Does the mullet mod effect geometry? Yes. But doing it this way with the bigger-but-smaller rear tyre just tips the bike around 0.5° backward. So you get a slightly slacker head and seat angle than spec. A very similar effect to over forking by 10mm or so. And if you wanted to preserve the geometry one could simply reduce the travel of the fork by 10mm and all your angles will stay pretty much the same as if you had a pair of 29" hoops.

Can the Eponym frames take a 2.8” tyre plus mud? Yes. There is plenty of clearance for a 27.5x2.8” tyre in the Eponym 29. In fact there’s a nice chap down south who’s riding a 3” tyre in his Eponym with no issues but the 2.8” fits well and gives ample clearance for muck too.

So I hope that’s helped explain a little about the mullet mod and the way I recommend it; specifically on my frames.

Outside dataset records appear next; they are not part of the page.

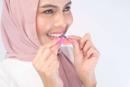 A young muslim woman holding colorful retainer for teeth over white background studio, dental healthcare and Orthodontic concept.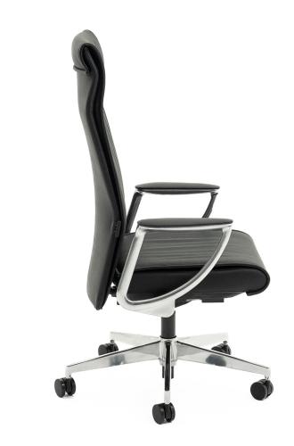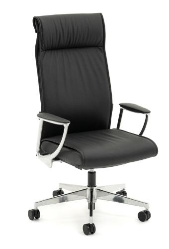 The Bentley high back executive chair has understated good looks that make this chair the preferred choice for management offices, meeting and board rooms. A quality chair with a high comfort rating so the Bentley can be your all day office chair or a luxurious board room chair. The premium full grain black leather upholstery is naturally soft and supple, the adjustable lumber support ensures all day comfort and the Ergonomic synchro mechanism moves the seat in harmony with the back recline.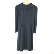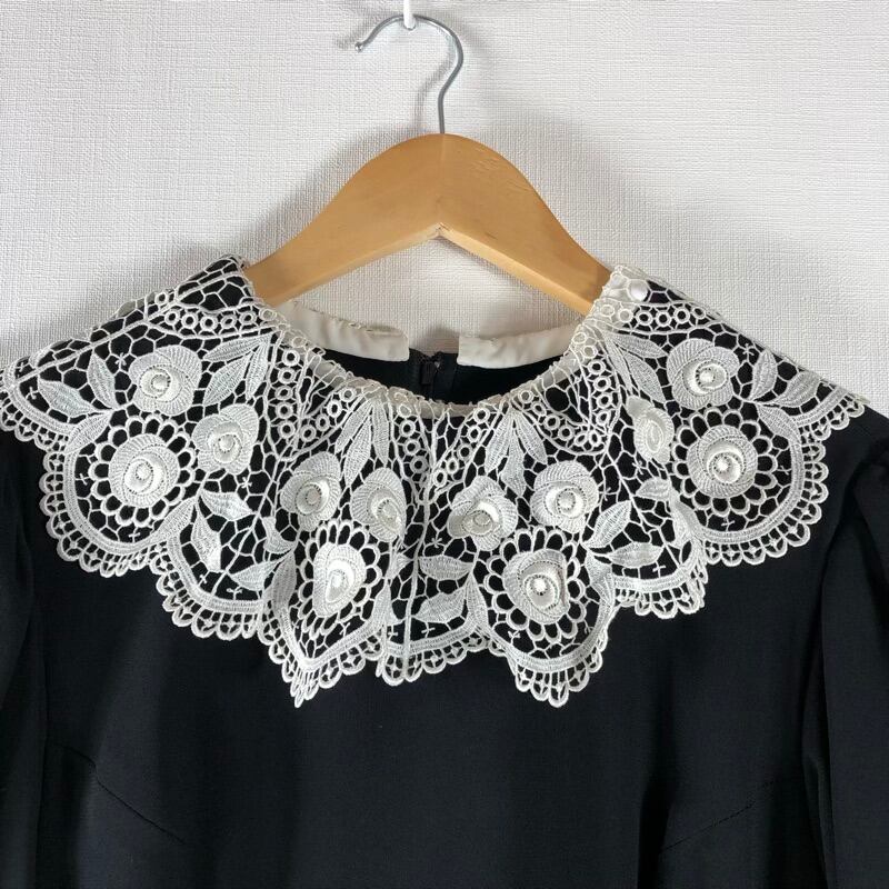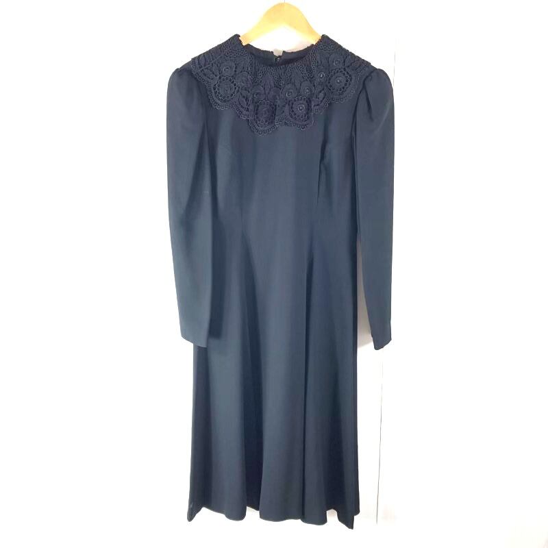 ハナエモリ 森英恵 / HANAE MORI ワンピース 長袖 付け襟 レース 襟2色セット フレア 裏地付き 黒 11A3サイズ 935467
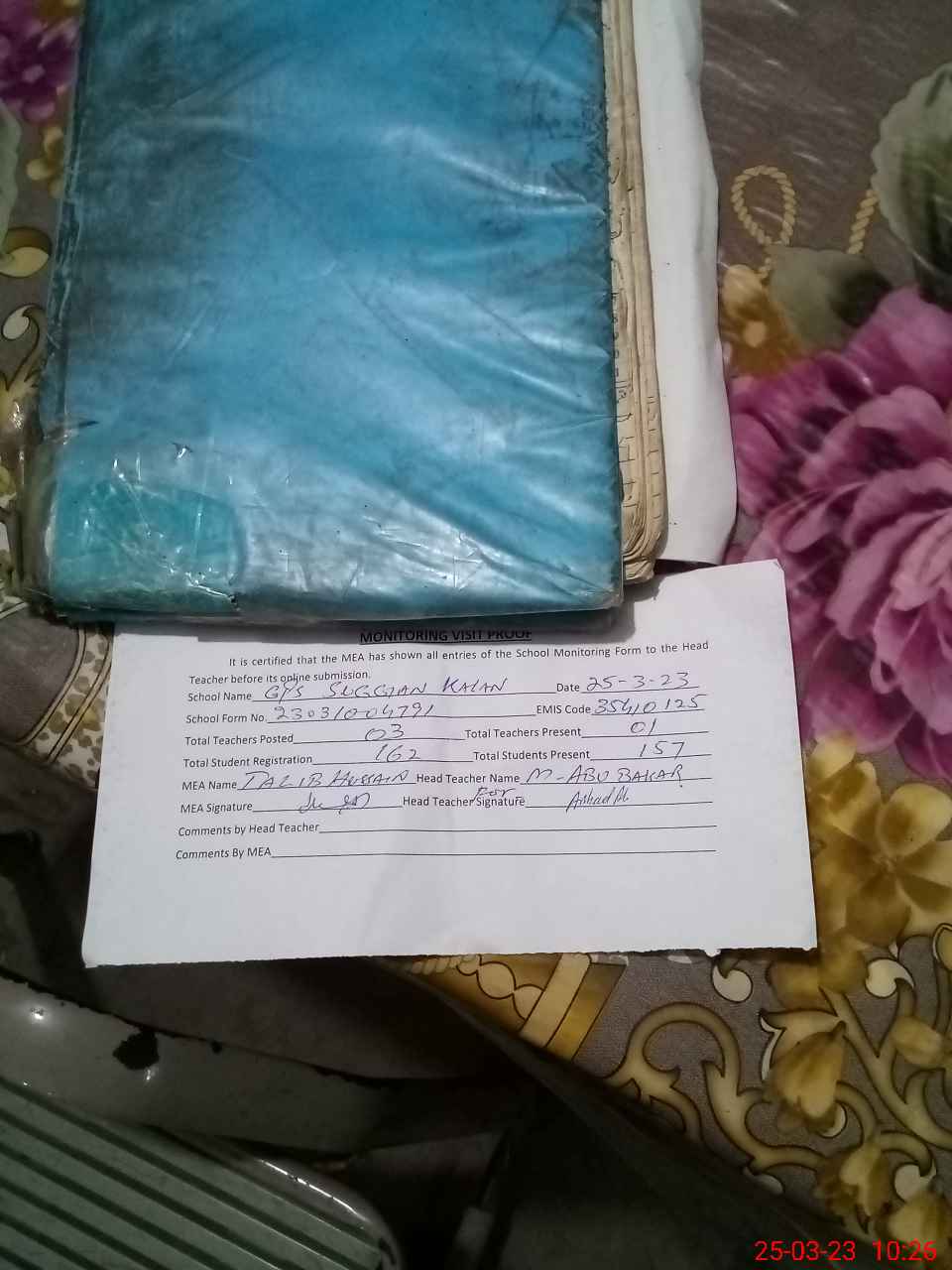 | Attendance Register | Head Teacher | MEA with School | Visit Proof |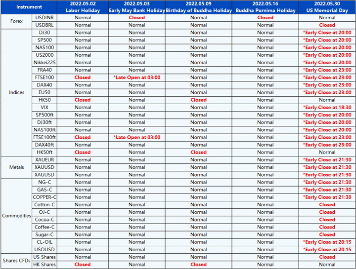 Please be advised that the following instruments’ trading hours and market session times will be affected by the upcoming May holidays.

I spend a lot of my time thinking about how we can make our bikes better. Usually I’ll have spent hours contemplating the theory of something before I build a frame and try it out, the good ideas stick and the less good ones slide. But in the case of the mullet mod I was never really that keen on the idea, the theory didn’t really add up to me. Until I tried it. And I’m now so invested in it, I see so much merit in this setup that I’m removing the 27.5” Eponym from my standard options. Because the Eponym frame + mullet mod does everything the 27.5” frame did and more.

**Edit

We now have the Rallye 27.5” specific frame. With the Rallye we decided that rather than simply make a smaller wheeled Eponym we would fully embrace everything the smaller wheePs do well and the frame geometry that they allow.**

Disclaimer: the mullet mod won’t be for everyone. My entire business model is based on personal preference and (where bikes are concerned) I don’t believe there is one ‘best’ way to do anything, really. What works for you is all that matters and (usually) I steer clear of ‘advice’ for that very reason. My advice is just my opinion. Mr Seb Hampson has been riding my frames for some time now and still operates them with a pair of 29” wheels shod with chunky, 2.5” rubber. Do I think he’s crazy? Always have done. But also, I know there’s still merit in the full 29er setup for many riders. And that’s why I’ll continue to design the Eponym around 29” wheels with the option to run the mullet mod setup.